Assigned task
Gather each line of the entries below that includes "look".

Data under study
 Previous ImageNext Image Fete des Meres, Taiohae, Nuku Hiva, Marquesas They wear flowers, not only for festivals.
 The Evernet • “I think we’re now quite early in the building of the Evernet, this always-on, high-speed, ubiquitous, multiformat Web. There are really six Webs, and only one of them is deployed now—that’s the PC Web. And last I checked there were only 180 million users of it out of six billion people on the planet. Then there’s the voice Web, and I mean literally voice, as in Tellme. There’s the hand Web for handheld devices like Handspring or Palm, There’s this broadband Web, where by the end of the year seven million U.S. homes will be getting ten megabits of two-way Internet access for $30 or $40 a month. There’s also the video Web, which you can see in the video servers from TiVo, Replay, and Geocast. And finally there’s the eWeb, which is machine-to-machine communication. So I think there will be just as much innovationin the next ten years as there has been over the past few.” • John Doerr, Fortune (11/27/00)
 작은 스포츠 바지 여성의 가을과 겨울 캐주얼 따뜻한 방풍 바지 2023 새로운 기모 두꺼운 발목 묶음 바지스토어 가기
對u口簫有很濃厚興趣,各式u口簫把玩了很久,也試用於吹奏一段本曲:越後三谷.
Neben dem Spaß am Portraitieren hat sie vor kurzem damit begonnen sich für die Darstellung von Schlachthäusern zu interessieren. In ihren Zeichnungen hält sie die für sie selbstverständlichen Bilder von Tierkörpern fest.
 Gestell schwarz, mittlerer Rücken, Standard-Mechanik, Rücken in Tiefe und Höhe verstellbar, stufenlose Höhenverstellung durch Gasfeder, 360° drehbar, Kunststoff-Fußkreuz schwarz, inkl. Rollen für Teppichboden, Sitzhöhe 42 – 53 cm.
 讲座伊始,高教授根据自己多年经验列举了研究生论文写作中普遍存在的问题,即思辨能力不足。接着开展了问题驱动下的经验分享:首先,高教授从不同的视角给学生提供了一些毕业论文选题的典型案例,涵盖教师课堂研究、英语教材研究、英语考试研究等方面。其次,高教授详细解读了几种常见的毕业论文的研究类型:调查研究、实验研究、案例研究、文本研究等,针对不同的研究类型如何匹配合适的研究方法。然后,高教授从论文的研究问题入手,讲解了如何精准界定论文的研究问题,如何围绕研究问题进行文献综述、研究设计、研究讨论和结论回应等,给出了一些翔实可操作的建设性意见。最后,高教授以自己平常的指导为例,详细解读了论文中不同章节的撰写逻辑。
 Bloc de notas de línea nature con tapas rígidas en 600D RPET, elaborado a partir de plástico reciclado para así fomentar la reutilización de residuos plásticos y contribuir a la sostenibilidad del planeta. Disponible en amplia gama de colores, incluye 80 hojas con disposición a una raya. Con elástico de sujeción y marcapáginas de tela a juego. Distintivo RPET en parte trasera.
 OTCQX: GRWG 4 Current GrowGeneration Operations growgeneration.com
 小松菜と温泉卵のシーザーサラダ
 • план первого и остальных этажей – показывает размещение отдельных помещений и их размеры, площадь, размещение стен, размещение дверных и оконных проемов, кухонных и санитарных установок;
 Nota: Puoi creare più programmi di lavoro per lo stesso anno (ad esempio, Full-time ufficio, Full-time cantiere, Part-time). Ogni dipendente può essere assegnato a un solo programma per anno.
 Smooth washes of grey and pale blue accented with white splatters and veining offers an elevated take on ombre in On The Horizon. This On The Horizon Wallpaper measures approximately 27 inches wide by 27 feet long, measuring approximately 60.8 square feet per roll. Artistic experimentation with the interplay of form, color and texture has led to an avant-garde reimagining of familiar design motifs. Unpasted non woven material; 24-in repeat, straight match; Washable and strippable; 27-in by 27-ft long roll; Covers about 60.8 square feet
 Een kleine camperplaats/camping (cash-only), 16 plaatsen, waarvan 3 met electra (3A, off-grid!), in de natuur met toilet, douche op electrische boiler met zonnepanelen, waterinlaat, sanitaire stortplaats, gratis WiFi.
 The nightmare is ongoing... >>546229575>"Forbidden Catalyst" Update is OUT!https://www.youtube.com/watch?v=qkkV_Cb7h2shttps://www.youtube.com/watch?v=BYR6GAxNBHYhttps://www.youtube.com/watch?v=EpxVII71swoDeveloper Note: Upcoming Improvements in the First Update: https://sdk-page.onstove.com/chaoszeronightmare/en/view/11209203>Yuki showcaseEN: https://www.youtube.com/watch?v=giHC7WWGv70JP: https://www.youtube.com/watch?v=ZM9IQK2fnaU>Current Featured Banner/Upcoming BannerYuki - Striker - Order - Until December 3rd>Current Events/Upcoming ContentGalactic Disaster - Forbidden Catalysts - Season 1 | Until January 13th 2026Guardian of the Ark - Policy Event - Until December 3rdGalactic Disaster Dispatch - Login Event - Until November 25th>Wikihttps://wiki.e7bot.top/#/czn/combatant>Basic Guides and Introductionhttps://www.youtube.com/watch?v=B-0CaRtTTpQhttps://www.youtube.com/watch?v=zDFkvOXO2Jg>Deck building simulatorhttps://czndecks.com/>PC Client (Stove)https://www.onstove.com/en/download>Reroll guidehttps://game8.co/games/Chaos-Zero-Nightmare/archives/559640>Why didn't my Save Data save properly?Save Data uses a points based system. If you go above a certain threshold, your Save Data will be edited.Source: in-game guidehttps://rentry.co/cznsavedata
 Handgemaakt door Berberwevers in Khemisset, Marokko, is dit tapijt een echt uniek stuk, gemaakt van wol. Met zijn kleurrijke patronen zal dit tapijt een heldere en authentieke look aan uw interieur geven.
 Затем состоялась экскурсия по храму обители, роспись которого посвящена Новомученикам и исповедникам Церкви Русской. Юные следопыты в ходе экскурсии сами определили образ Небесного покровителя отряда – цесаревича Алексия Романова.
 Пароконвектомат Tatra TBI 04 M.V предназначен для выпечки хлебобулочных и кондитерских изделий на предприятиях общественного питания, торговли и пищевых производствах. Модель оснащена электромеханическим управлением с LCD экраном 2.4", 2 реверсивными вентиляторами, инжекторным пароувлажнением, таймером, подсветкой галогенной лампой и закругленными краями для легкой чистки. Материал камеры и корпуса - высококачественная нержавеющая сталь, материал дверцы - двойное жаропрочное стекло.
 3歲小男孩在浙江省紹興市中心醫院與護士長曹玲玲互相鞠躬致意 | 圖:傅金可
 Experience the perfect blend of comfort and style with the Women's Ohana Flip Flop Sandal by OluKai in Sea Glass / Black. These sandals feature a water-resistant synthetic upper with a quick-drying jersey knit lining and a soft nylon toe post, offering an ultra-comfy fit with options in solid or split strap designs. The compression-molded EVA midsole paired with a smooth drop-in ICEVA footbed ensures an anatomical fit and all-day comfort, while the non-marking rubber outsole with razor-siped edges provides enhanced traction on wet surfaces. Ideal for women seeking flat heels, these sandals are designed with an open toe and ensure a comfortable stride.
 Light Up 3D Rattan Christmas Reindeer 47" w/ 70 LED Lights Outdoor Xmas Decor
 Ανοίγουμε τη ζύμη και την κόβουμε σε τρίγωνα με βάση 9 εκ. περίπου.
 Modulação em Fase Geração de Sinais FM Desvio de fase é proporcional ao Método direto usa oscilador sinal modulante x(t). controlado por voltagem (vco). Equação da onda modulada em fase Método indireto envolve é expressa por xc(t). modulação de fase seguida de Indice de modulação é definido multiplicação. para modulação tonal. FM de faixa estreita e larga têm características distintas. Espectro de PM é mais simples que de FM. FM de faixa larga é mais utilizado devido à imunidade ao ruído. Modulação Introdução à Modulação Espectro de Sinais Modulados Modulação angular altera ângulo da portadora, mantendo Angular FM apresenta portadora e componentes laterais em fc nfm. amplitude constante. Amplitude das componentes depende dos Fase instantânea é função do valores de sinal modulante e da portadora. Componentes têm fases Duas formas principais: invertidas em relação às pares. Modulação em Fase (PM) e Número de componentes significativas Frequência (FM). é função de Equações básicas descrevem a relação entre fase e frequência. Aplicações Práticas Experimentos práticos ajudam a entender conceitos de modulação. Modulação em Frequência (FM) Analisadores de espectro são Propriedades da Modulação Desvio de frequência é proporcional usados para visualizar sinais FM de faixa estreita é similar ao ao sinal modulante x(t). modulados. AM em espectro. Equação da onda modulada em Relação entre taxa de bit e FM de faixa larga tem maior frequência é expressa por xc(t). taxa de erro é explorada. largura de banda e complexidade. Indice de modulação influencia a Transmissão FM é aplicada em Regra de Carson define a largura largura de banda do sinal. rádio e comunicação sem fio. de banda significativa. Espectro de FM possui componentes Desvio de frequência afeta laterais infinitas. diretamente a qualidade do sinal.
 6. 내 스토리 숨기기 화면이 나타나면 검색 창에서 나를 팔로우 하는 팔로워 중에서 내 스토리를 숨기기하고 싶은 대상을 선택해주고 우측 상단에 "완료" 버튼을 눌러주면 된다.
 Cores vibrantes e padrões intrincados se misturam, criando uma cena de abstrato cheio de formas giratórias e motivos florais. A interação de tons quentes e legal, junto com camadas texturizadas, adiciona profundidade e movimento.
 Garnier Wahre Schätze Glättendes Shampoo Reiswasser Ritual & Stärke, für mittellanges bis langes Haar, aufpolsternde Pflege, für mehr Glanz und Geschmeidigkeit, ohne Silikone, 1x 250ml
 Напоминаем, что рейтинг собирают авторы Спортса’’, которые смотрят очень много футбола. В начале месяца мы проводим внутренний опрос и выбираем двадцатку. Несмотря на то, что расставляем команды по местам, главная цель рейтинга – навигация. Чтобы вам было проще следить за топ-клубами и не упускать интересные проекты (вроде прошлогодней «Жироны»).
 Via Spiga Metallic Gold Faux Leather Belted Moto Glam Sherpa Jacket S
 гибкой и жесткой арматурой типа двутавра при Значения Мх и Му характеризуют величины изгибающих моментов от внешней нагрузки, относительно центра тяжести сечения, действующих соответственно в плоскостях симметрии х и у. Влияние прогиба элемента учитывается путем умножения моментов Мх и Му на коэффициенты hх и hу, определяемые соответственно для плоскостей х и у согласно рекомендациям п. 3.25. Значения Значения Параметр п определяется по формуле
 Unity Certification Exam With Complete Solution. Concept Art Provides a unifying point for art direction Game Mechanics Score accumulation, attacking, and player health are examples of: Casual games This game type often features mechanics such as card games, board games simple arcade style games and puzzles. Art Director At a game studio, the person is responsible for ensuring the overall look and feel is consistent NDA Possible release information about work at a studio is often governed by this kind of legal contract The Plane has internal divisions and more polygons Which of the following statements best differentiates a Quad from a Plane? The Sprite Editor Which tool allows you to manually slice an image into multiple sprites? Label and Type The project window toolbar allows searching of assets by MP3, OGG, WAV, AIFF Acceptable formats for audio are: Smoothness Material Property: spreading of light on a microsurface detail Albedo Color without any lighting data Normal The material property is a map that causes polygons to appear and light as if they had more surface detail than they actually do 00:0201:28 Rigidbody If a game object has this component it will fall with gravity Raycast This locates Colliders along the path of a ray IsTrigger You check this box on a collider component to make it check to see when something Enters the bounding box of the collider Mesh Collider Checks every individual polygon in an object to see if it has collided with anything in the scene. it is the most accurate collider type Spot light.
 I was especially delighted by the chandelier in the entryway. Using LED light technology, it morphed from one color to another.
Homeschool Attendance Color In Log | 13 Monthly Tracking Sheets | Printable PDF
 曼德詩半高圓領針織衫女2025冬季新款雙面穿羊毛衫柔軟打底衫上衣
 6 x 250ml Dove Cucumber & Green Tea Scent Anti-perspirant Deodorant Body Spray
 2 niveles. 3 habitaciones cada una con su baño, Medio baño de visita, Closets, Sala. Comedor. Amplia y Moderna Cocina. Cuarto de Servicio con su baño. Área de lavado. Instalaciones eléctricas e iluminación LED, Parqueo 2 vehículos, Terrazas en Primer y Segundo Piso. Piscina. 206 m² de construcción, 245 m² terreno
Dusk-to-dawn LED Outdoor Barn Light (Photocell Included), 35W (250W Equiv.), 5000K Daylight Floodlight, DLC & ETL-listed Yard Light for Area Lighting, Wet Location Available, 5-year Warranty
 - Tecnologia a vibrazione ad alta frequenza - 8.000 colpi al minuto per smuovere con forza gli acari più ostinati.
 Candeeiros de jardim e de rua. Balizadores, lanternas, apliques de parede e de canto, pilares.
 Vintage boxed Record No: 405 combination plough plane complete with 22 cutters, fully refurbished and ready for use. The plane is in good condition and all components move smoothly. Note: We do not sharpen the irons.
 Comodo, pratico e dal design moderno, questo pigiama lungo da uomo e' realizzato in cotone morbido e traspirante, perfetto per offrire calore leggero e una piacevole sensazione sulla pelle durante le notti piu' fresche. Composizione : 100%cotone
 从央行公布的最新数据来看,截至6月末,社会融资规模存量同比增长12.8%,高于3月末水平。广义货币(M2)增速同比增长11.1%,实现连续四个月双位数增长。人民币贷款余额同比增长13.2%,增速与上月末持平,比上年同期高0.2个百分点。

Answer to the problem
 Handgemaakt door Berberwevers in Khemisset, Marokko, is dit tapijt een echt uniek stuk, gemaakt van wol. Met zijn kleurrijke patronen zal dit tapijt een heldere en authentieke look aan uw interieur geven.
 Unity Certification Exam With Complete Solution. Concept Art Provides a unifying point for art direction Game Mechanics Score accumulation, attacking, and player health are examples of: Casual games This game type often features mechanics such as card games, board games simple arcade style games and puzzles. Art Director At a game studio, the person is responsible for ensuring the overall look and feel is consistent NDA Possible release information about work at a studio is often governed by this kind of legal contract The Plane has internal divisions and more polygons Which of the following statements best differentiates a Quad from a Plane? The Sprite Editor Which tool allows you to manually slice an image into multiple sprites? Label and Type The project window toolbar allows searching of assets by MP3, OGG, WAV, AIFF Acceptable formats for audio are: Smoothness Material Property: spreading of light on a microsurface detail Albedo Color without any lighting data Normal The material property is a map that causes polygons to appear and light as if they had more surface detail than they actually do 00:0201:28 Rigidbody If a game object has this component it will fall with gravity Raycast This locates Colliders along the path of a ray IsTrigger You check this box on a collider component to make it check to see when something Enters the bounding box of the collider Mesh Collider Checks every individual polygon in an object to see if it has collided with anything in the scene. it is the most accurate collider type Spot light.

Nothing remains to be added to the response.